Can css be styleInjected in library mode? vite#1579.

Features

Note that this plugin only works with library-mode.

  • 💡 Multiple entires support.
  • ⚡️ Sourcemap support.
  • 🛠 Out-of-box, tiny and pretty.

Usage

Install:

pnpm i vite-plugin-lib-inject-css -D # npm/yarn

Config:

// vite.config.ts
import { libInjectCss, scanEntries } from 'vite-plugin-lib-inject-css';

// https://vitejs.dev/config/
export default defineConfig({
  plugins: [
    libInjectCss(), // For a simple usage
    // Parameters are optional, which is only an alias, aim to make configs concise.
    libInjectCss({
      format: ['es'],
      entry: {
        index: 'src/index.ts', // Don't forget the main entry!
        button: 'src/components/button/index.ts',
        select: 'src/components/select/index.ts',
        // Uses with a similar directory structure.
        ...scanEntries([
          'src/components',
          'src/hooks',
        ])
      },
      rollupOptions: {
        output: {
          // Put chunk files at <output>/chunks
          chunkFileNames: 'chunks/[name].[hash].js',
          // Put chunk styles at <output>/styles
          assetFileNames: 'assets/[name][extname]',
        },
      },
    }),
  ],
})

Motivation

Vite shines for Web projects, but it can also be used for library projects.
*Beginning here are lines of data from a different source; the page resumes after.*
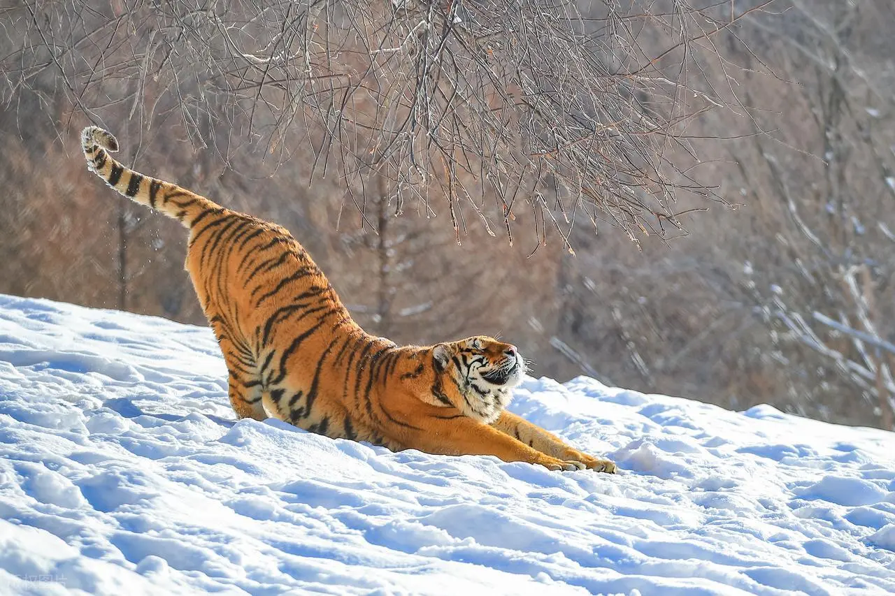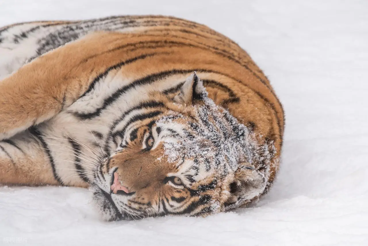 最令人惊叹的是它们的“雪窝策略”,老虎卧下时体温会融化表层积雪,形成浅坑后反而获得保温效果:下层未融化的雪如同隔热床垫,上方蓬松的积雪则成为天然棉被。
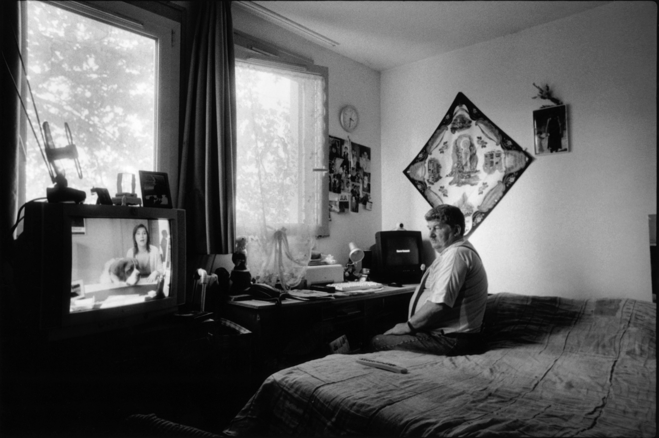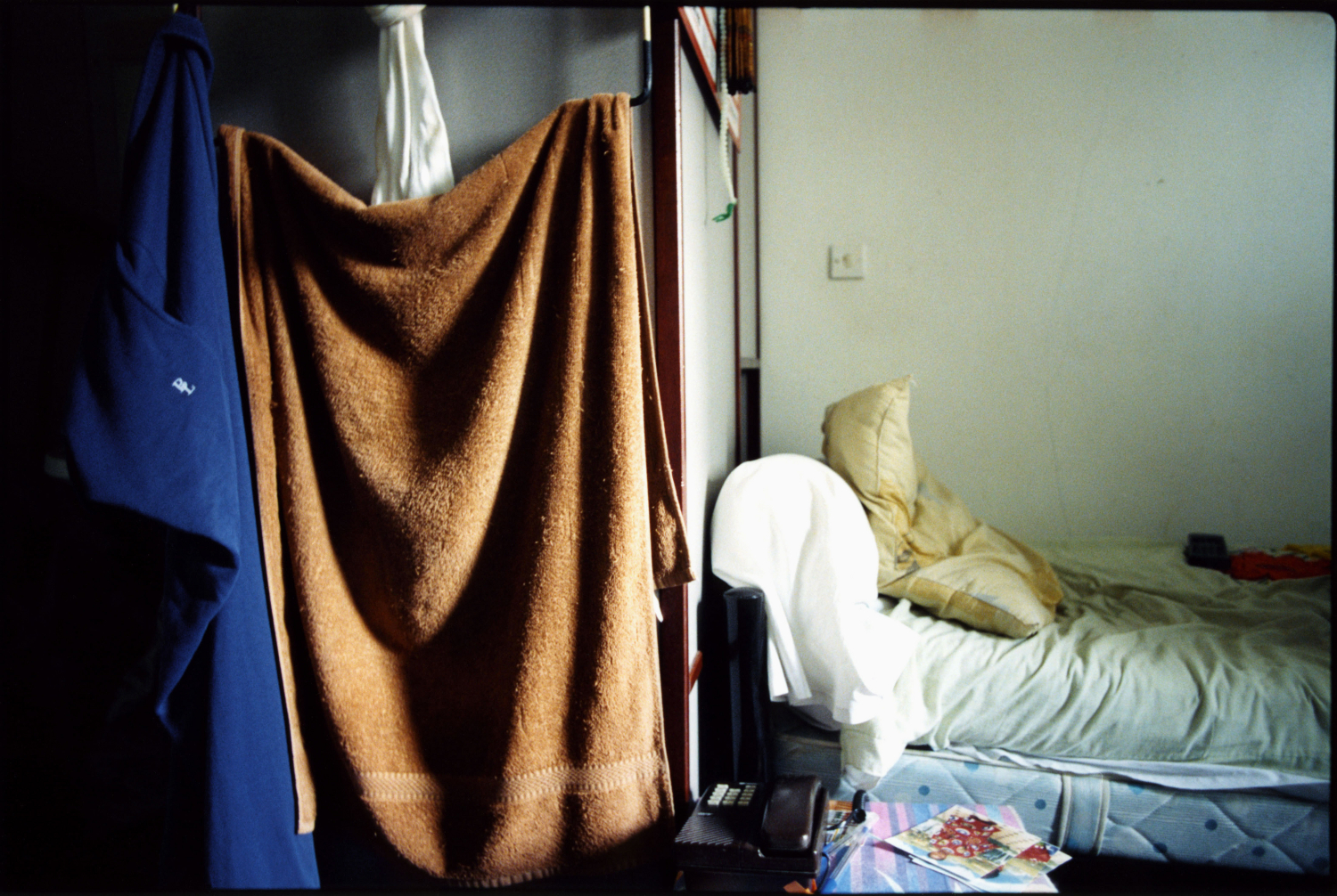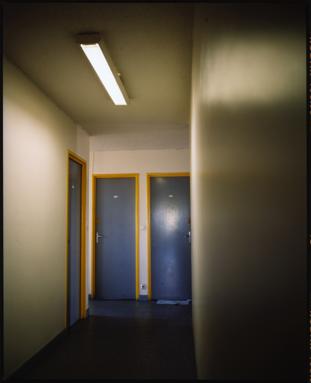 Chambre 520, cinquième étage, bâtiment A. La porte s’est ouverte. L’homme a souhaité la bienvenue. A prié le visiteur de s’asseoir. A fait les honneurs de la maison. A offert quelque chose à boire : thé, café, une bière peut-être. A engagé la conversation. Le temps qu’il fait dehors. Si on a eu du mal à trouver l’endroit. Est allé baisser le son de la télé. A montré la pièce d’un geste large, faites comme chez vous. Chambre 602, sixième étage, bâtiment A. L’homme âgé qui vit là est un des plus anciens du foyer. Remerciements et politesses d’usage s’échangent. Assis sur le bord de son lit il raconte son histoire. Encore quelques clichés sur le pas de la porte, une confidence, une promesse de se revoir peut-être, et le photographe prend congé. Appartement 028, bâtiment B : appartement ? C’est donc que le foyer a été rénové. L’homme montre ses mains aux doigts coupés, et les photos de son fils, punaisées sur le mur. D’autres chambres, d’autres visages, d’autres mains, d’autres objets, d’autres lignes de fuite par la fenêtre donnant sur les champs.
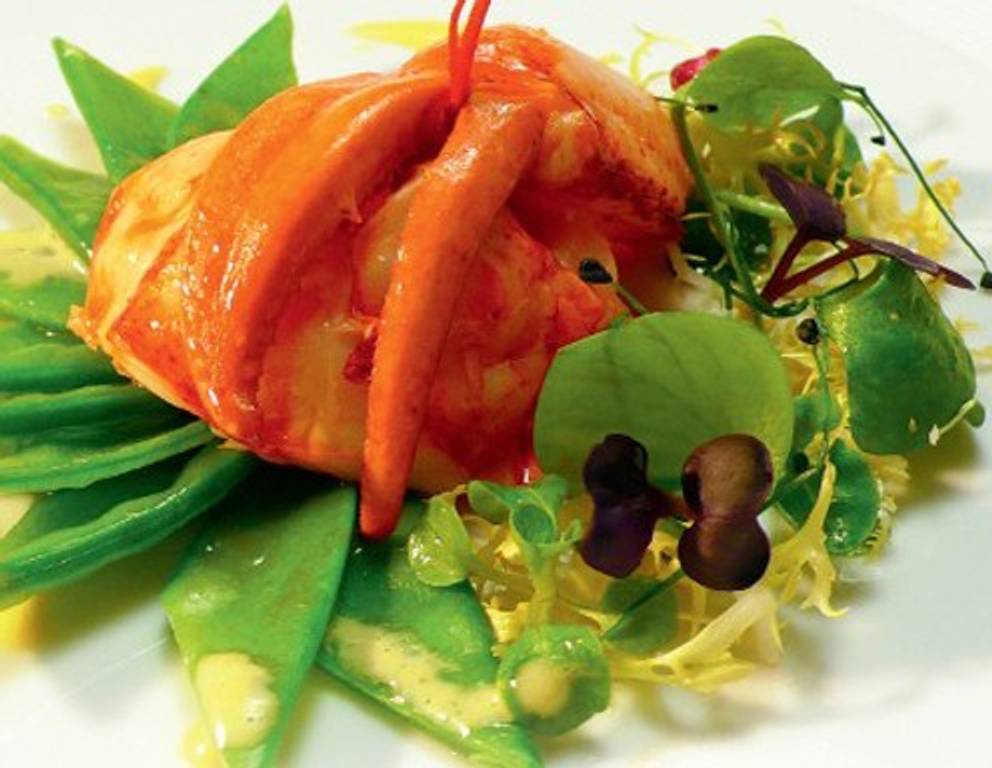 - Die gekochten Hummer halbieren. Scheren sowie Schwanz auslösen und das Hummerfleisch in einem leichten Fond mit etwas Butter wärmen. Achtung: Der Hummer darf nicht zu heiß werden, da sein Fleisch sonst zu zäh wird!
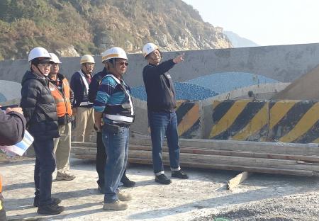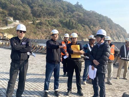 最後視察的大坵島聯外道路工程,現場聽取承辦單位及施工團隊說明,由於通往橋仔村的路段包含橋梁與坡地等地形條件,施工較具挑戰,相關單位正依現況調整工法以確保進度。
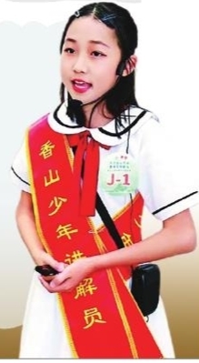 周末的香山书院・香山少年馆,总能看到石岐中心小学四年级同学王悦潼的身影。她穿着香山书院的马甲,声音虽不算洪亮,却能将黄佐、孙中山、阮玲玉、郑君里等香山名人的事迹,讲得清晰又生动,深深打动着在场的每一位听众。
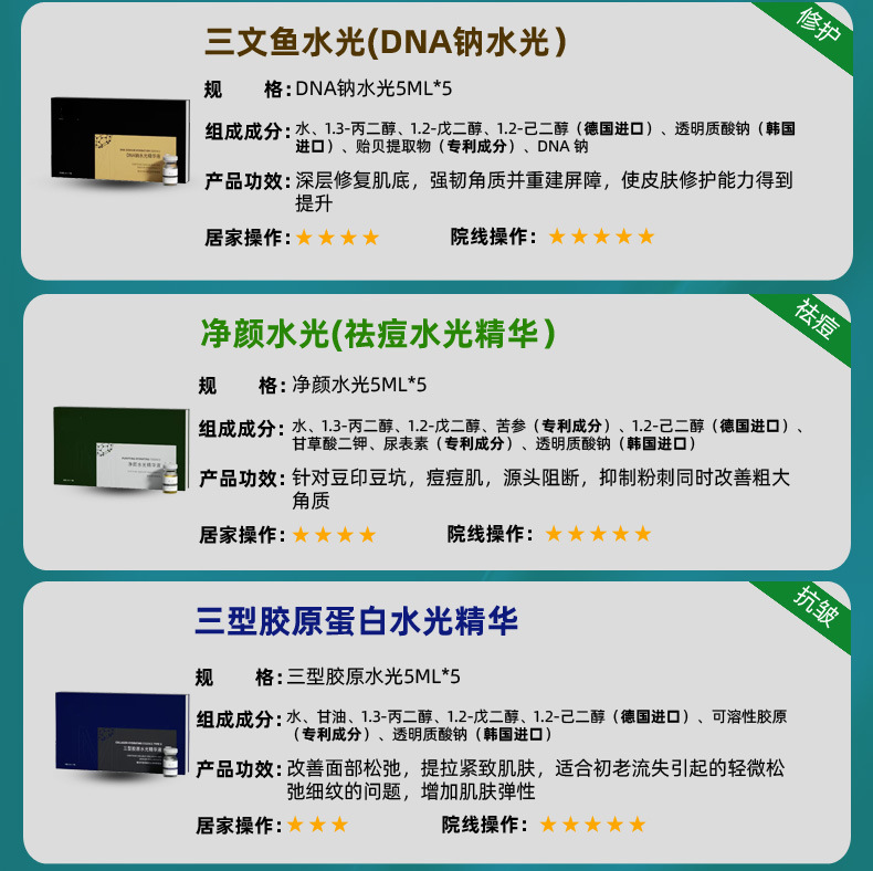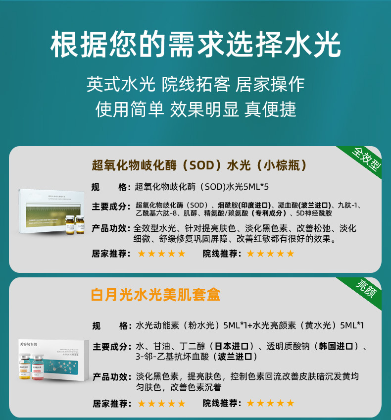 Белый лунный свет водяной рукав для мышц; SOD водяной свет эссенция (полный эффект водяного света 5 палок/коробка); Три типа коллагеновой водяной световой эссенции (5 палок/коробка против морщин воды); Гидротермический экстракт гиалуроновой кислоты (5 палат/коробка); Сущность от прыщей (5 палок/коробка); Лосось ДНК натрия водяная световая эссенция (5 палок/коробка); Яркая световая световая эссенция (подарочная коробка 5) коробка; Гидротермический экстракт гиалуроновой кислоты (одна ветвь); Коллагеновая эссенция (одна); Liangyan Shuiguang Essence (одна ветвь); Сущность от прыщей (одна ветвь); Лосось ДНК натрия Водная световая эссенция (одиночная ветвь); SOD Water Light Essence (одна ветвь)

But when it comes to component library development, multiple entries are often involved. Although Vite 3.2+ supports multiple entry points, it doesn't provide any configuration for us to associate css with component, which leads to the problem that we can't distinguish between the entry point and css files even though the bundle is successful.

Based on this, we need to write a plugin to inject styles so that we don't have to worry about the relationship between styles and entry points.

How does it work

As a library(mostly component library), we want to import styles automatically when we reference the component.

/** component-lib/dist/button.js */
import './assets/button.css'; // This is what this plugin do;
...
export default Button;

/** component-lib/dist/index.js */ 
import Button from './button.js';
import xxx from './xxx.js';
export { Button, xxx };
...

/** In our project's main file */
// Once we import Button, styles'll be imported together.
import { Button } from 'component-lib';

As shown above, it's not graceful to manually write code like document.createElement('script') to inject the style into the page, that assumes dom environment.

What we do is just inject code like import './style.css' at the top of each chunk, which delegate the task of how to handle these css files to the user's build tool.

So the main problem becomes to how do we know which style files are involved in one chunk file?.

Fortunately vite adds a property named viteMetadata on each chunk file in plugin lifecycle, so that we can manage to do it using plugin hook like renderChunk, which is simplest and enough.

Prefer to check source code to get more information.

Recipes

How do we create a component library with vite, which can auto import styles and has out-of-box tree-shaking functionality?

Current Status

Most of component libraries provide two ways. One is totally import:

import Vue from 'vue';
import XxxUI from 'component-lib';
Vue.use(XxxUI);

The other is import on demand, in common uses with a third-part plugin like babel-plugin-import:

import { Button } from 'component-lib';
// ↓ ↓ ↓ transformed ↓ ↓ ↓
import Button from 'component-lib/dist/button/index.js'
import 'component-lib/dist/button/style.css'

But the best way is that when we use named imports, the style imports and tree-shaking can be completed automatically, which has little mental burden.

How should we do

  1. Add multiple entries to the build.lib.entry option.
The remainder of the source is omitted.